Live-cell imaging and image analyses
During time-lapse imaging, yeast cells were immobilized on a glass-bottom dish (P35G-1.5-10-C; MatTek) coated with concanavalin A (C7275; Sigma-Aldrich), and maintained in either synthetic complete (SC) medium (Figs. 1, 2, S1, S2, and S4 G) or SC plus YPA medium (3:1 ratio; Figs. 3, 4, S3, and S4, A–C; Amberg et al., 2005; Tanaka et al., 2010). Images were acquired using a DeltaVision Core or Elite microscope (Applied Precision Ltd.), a UPlan S Apochromat 100× 1.40 NA objective lens (Olympus), SoftWoRx software (Applied Precision Ltd.), and a CoolSnap HQ camera (Photometrics). We acquired typically seven (0.7 µm apart) z sections, which were subsequently processed through deconvolution and analyzed with Volocity software (PerkinElmer). CFP, GFP, and mCherry signals were discriminated using a multiband filter set (89006; Chroma Technology Corp). For the image panels in figures, z sections were projected to 2D images.

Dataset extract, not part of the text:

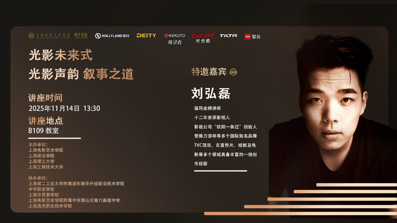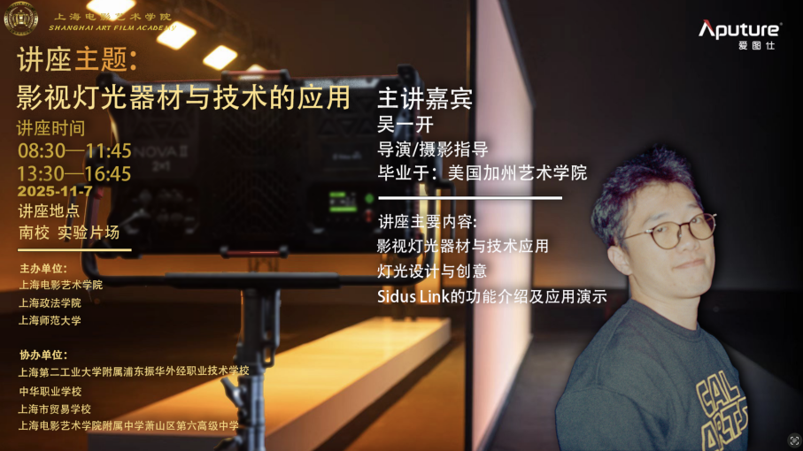 为深入贯彻《国家职业教育改革实施方案》中“深化产教融合、校企合作”的核心要求,落实国家广电总局“网络视听产教融合人才培养专项”关于“培育技术过硬、实战能力强的影视人才”的建设目标,2025年11月7日,影视科创学院“爱图仕工作坊”在实验片场如期举行。以“理论精研+设备实操+场景创作”的三维模式,实现教学与产业需求的精准对接,是专业践行“艺科融合、产教协同”育人理念的又一重要实践。作为影视制作核心模块,影视照明实训始终以行业前沿技术为导向,聚焦职业岗位核心能力培养。本次合作的爱图仕(Aputure)作为全球影视照明领域的领军企业,其技术成果与行业标准为实训提供了优质资源支撑。实训前,专业教师团队与爱图仕技术专家深度研讨,结合学院的人才培养优势,量身定制了涵盖“光影理论进阶、设备性能解析、场景布光实战、作品复盘优化”的全流程课程体系,既强化基础理论认知,又突出职业技能落地。图1第四期爱图仕讲座海报本次主讲嘉宾吴一开(Luc),CalArts电影导演硕士,专长胶片摄影,作品曾入围柏林、北京等国际电影节。其中吴一开老师深耕影视照明教学与行业实践十余年,曾参与《外滩钟声》《三十而已》等多部影视作

Centromere reactivation assay
To analyze individual KT–MT interactions in detail, a centromere reactivation assay was used (Tanaka et al., 2005, 2010). In this assay, KT assembly was delayed on a chosen centromere (CEN3-tetOs replacing CEN3 on chromosome III or CEN15 on chromosome XV) by transcription from the GAL promoter. This increased the distance between the centromere and the mitotic spindle, allowing detailed observation of KT–MT interactions after inducing KT assembly on the centromere by turning off the GAL promoter in metaphase-arrested cells (Fig. 1, A–D). Cells with PGAL-CEN3-tetOs PMET3-CDC20 (see full genotypes in Table S2) were cultured overnight in methionine dropout media with raffinose, treated with mating hormone for 2.5 h (to arrest in G1 phase), and released to fresh media with raffinose, galactose, and 2 mM methionine (for Cdc20 depletion and PGAL-CEN inactivation). After 3.5–4 h, cells were suspended in SC medium containing glucose and methionine to reactivate PGAL-CEN. To define a contour of the spindle in Fig. S4 A, surface rendering was applied to the tubulin signals in z stacks using Imaris software (version 7; Bitplane).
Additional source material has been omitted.